I didn't have a choice, had to take the pension,
but, if I could have taken the Lump, I would not have been able
to invest it and get as much out each year that I now get from the
pension.
That's why it's a tough decision - you generally cannot get as much
out each month as you would with the pension.
However, with the Lump, you don't have to worry about your pension
going broke.
A way to prove my point, is to go to Vanguard and go thru the screens
to give you an Immediate Annuity. Use the amount of the pension per month,
and it will tell you how much it costs to buy the annuity. That cost is the value
of your Lump (sometimes your company won't tell you what your pension is
worth in a Lump sum format). If your company is giving you less than that,
then you're getting cheated and are better off with the monthly pension.

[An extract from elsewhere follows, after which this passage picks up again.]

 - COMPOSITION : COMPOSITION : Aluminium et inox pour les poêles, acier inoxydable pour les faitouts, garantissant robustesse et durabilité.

Neither hubby or I were allowed to take the lump sum but we're certainly not complaining. Our state pensions are fairly substantial and guaranteed not to fall less than the amount at which we retired. And we could retire as early as 53. DH did just that while I technically retired at 50.
We also contributed 7.5% or our salary to our pensions each yr with a 7.5% match from our employer. (state law)

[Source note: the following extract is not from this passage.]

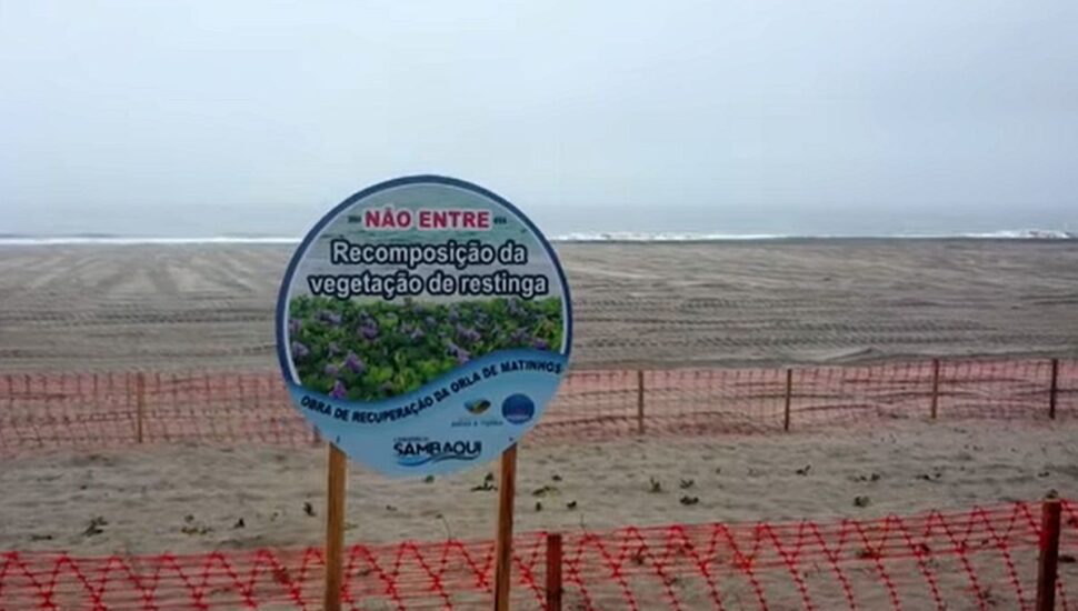 Já foi iniciado também o serviço de recuperação da restinga, vegetação que ajuda a conservar a biodiversidade local. No Pico de Matinhos segue em ritmo avançada a construção do primeiro espigão, estrutura de rochas que vai avançar no mar para ajudar a manter o novo formato da orla de Matinhos.

Strangely, now that I can walk out anytime I feel less reason to
actually do so, since my only previous source of stress was fear of being
laid off and not finding a new job, which has happened to several friends
in IT.
This is a little OT, but the foregoing statement resonated pretty soundly with me. I think this is the biggest source of stress for many people, including those who LBYM. The LBYM-types wouldn't necessarily be stressed out by the lack of a job, but rather by the effect such a situation would have on FIRE.